Живая вещь (страница 18)
Он не только был перфекционист во всём, что касалось формы произведений, он ещё имел убеждения, довольно жёсткие и обязывающие, в части сюжетов. Он полагал, например, что английская драматургия поднимется на новый уровень, если сознательно станет браться за большие темы, темы, обладающие общественной значимостью и философским весом. Разумеется, он не был предшественником так называемой «социально-ангажированной» драмы с её сиюминутными задачами – его волновало честолюбивое проникновение в неведомые пределы, битва больших смыслов. Слишком часто современное искусство вещало о самом себе, отдавало излишней интравертированностью, а то и нарциссизмом. К Александру внезапно стали относиться как к видному драматургу, эта мгновенная слава застала его врасплох, поколебала его привычки. Весь круг людей, с которыми он состоял в переписке, – литагенты, режиссёры, группы актёров, журналисты, студенты, преподаватели – воспринимали его как крупного автора и с нетерпением ждали, какова же будет его следующая вещь. Поскольку настроен он был самым серьёзным и нравственным образом, эти чужие ожидания лишь усугубляли его беспокойство по поводу будущего сюжета. Какое-то время он поиграл в уме с эпохой Мюнхенского договора, когда принимались – причём не всегда верно – решения, обусловившие сегодняшнюю жизнь в его мире. Однако ощутил, что, возможно, события 1938 года кажутся всё ещё слишком близкими, чтобы отчётливо их разглядеть, слишком крупными, злыми и сложными – чтоб нанести их художественным слоем. (Подобная точка зрения может показаться странной в более позднее время, когда Фолклендская война, не успев закончиться, становится материалом для телефильмов, когда вдова убиенного президента изображается – при жизни – в полную величину в эпической картине на большом экране.) У Александра сложился было и другой план – соорудить пьесу о ложносолнечном времени перед Первой мировой. Спародировать поэзию пасущихся коровок, идиллию зелёных лужаек перед домом приходского священника, восторг лисьей охоты и, наконец, любовную романтику.

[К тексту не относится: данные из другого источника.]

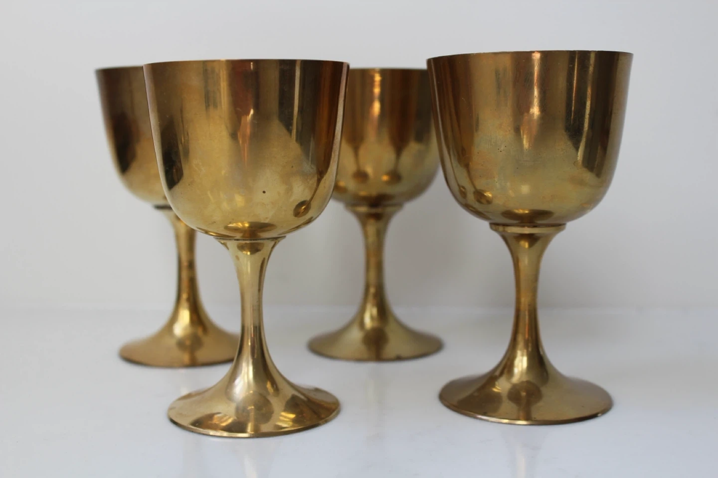 Selling a set of four vintage brass goblets. They're in great condition and would make a lovely addition to any home!

Процитировать стихи «окопных поэтов»[52]. Но и это намерение дало осечку, то ли вмешался долг гостя Ма-Кабестань перед трубадуром, то ли, от здешнего солнца и вина или просто от большого расстояния, английские лужайки уплыли куда-то в безвестную даль.

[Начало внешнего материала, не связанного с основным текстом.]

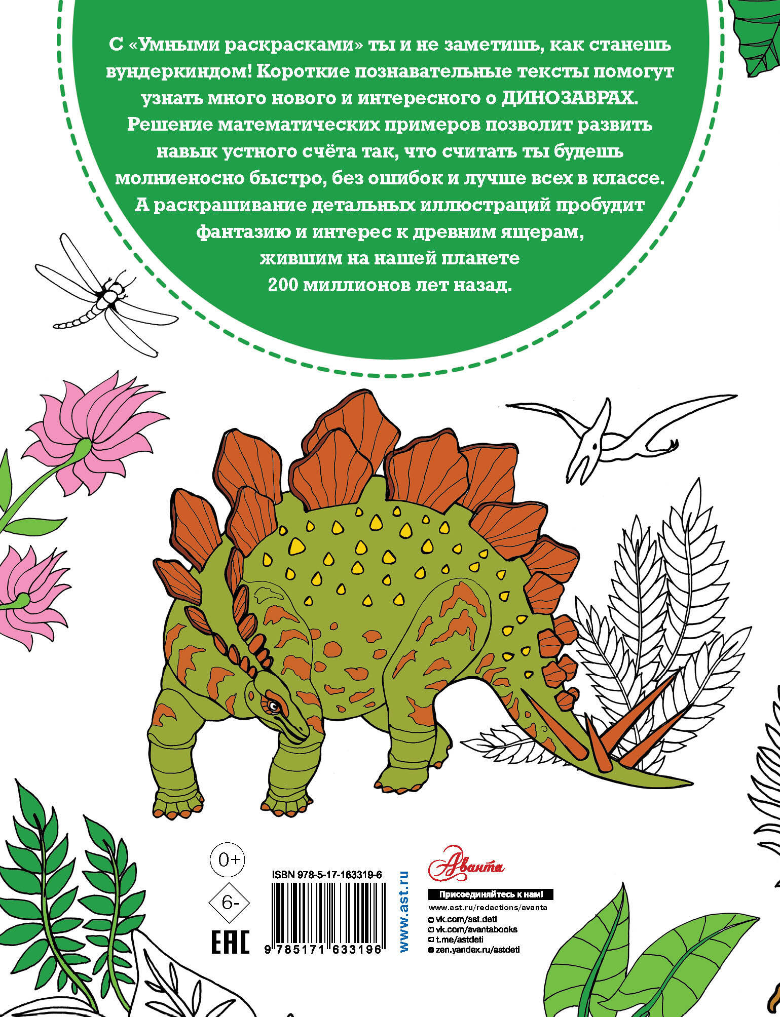 Эта книга - не просто раскраска, а самая настоящая маленькая энциклопедия, которая расскажет о древних ящерах, населявших нашу планету миллионы лет назад. Какими были знаменитые динозавры? Когда жили? Какими способностями обладали и как учёные восстанавливали их облик? Обо всём этом вы узнаете из книги! А попутно потренируете навык устного счёта, ведь на каждом развороте около раскраски есть математические примеры, которые помогут выбрать нужный цвет. Для младшего школьного возраста.| Издательство | Издательство "АСТ" |

И был у него ещё один, странный замысел, который поначалу подступил несмело (особых намерений или желания писать об этом у него не было), – но теперь всё более навязчиво завладевал всем его сознанием. Ему вдруг пришла блажь: облечь в ткань драматического действия размолвку между Полем Гогеном и Винсентом Ван Гогом, в стенах Жёлтого дома в Арле.

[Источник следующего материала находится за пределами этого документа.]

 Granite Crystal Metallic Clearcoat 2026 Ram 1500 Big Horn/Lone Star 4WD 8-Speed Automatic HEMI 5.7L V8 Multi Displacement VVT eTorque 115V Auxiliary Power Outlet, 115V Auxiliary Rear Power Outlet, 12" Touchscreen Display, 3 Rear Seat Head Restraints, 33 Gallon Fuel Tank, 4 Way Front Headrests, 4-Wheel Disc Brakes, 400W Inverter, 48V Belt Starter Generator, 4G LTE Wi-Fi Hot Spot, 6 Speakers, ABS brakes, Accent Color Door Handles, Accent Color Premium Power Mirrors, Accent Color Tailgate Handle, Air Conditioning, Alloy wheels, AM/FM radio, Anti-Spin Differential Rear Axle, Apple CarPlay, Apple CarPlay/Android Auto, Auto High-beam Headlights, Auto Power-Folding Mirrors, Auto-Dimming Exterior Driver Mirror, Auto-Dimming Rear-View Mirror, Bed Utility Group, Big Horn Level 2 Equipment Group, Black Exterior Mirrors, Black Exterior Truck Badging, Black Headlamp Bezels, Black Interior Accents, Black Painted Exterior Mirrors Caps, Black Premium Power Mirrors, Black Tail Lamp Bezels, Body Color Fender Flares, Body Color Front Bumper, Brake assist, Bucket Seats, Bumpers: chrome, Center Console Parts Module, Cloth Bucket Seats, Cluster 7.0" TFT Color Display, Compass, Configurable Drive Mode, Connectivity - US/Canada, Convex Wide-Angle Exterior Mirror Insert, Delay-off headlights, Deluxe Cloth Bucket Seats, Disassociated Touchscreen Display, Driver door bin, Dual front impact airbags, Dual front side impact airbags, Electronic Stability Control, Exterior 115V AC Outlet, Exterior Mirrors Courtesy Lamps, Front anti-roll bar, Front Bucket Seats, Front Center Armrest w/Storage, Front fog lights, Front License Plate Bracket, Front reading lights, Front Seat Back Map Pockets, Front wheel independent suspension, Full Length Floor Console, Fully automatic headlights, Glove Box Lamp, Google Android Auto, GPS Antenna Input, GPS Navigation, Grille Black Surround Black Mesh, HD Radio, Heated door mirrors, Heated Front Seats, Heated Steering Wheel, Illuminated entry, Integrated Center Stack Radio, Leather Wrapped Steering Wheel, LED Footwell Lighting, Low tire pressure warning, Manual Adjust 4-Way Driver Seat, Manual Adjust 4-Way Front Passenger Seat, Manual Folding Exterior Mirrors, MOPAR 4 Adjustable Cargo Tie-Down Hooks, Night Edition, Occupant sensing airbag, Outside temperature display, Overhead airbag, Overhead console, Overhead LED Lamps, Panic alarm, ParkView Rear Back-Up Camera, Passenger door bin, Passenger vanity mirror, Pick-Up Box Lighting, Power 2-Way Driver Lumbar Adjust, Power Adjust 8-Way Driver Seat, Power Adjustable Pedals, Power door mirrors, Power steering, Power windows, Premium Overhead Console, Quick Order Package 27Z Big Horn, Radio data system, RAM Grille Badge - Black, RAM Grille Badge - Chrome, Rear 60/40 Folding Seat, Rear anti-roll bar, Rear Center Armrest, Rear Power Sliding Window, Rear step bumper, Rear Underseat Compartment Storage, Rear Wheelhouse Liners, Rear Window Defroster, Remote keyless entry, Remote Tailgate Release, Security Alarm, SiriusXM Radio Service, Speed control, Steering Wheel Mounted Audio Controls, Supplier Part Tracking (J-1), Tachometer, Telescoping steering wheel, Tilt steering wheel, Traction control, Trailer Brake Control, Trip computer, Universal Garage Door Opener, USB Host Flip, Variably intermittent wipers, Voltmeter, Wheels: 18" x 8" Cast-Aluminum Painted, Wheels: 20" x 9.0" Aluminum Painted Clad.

Работа началась, подобно робким поползновениям Фредерики на прозу, со своего рода экскурсии. Он съездил в Арль, прошёлся по римскому некрополю Алискампу. Жёлтый дом не уцелел, его поглотила железная дорога, однако малопримечательная, неопределённая территория между железной дорогой XIX века и древнеримскими саркофагами в их «Елисейских полях» – сохранилась. Ван Гог поделил свою картину «Жёлтый дом» по диагонали мягкой, грязновато-коричневой линией – та же самая линия, глинистый валок отсутствующей канавы, до сих пор присутствовала в действительности. У Кроу было новое издание писем Ван Гога в переводе на английский, Александр одолжил эту книжку и почитывал её в постели. Нашёлся и экземпляр гогеновских записок «Avant et Après»[53], где эпизод в Жёлтом доме изложен с точки зрения Гогена: попытка высокомерной снисходительности мешается у Гогена с каким-то тревожным заискиванием в будущем читателе, чтоб мир, чего доброго, не обманулся по поводу того, кто из двоих главнее, кто влиятельнее, кто великий художник.
Порыв перенести эти события на сцену возник у Александра, когда он прочёл у Ван Гога описания «электрических» ссор между двумя живописцами. Они начали спорить об искусстве. Отправились в Монпелье и повздорили из-за картины Рембрандта. «Споры наши несут избыток электричества. Порой мы выходим из них с усталыми головами, подобно электрическому аккумулятору после разрядки»[54]. Взаимоотношения Ван Гога и Гогена и впрямь пронизаны электричеством, – кажется, что-то буквально потрескивает и сверкает, в мозгу и в теле Ван Гога. Гоген пишет Ван Гога, пишущего подсолнухи. Потом Ван Гог скажет об этом портрете: «Лицо моё с того времени посветлело, но всё-таки и тогда это был настоящий я, ужасно в ту пору усталый и заряженный электричеством»[55].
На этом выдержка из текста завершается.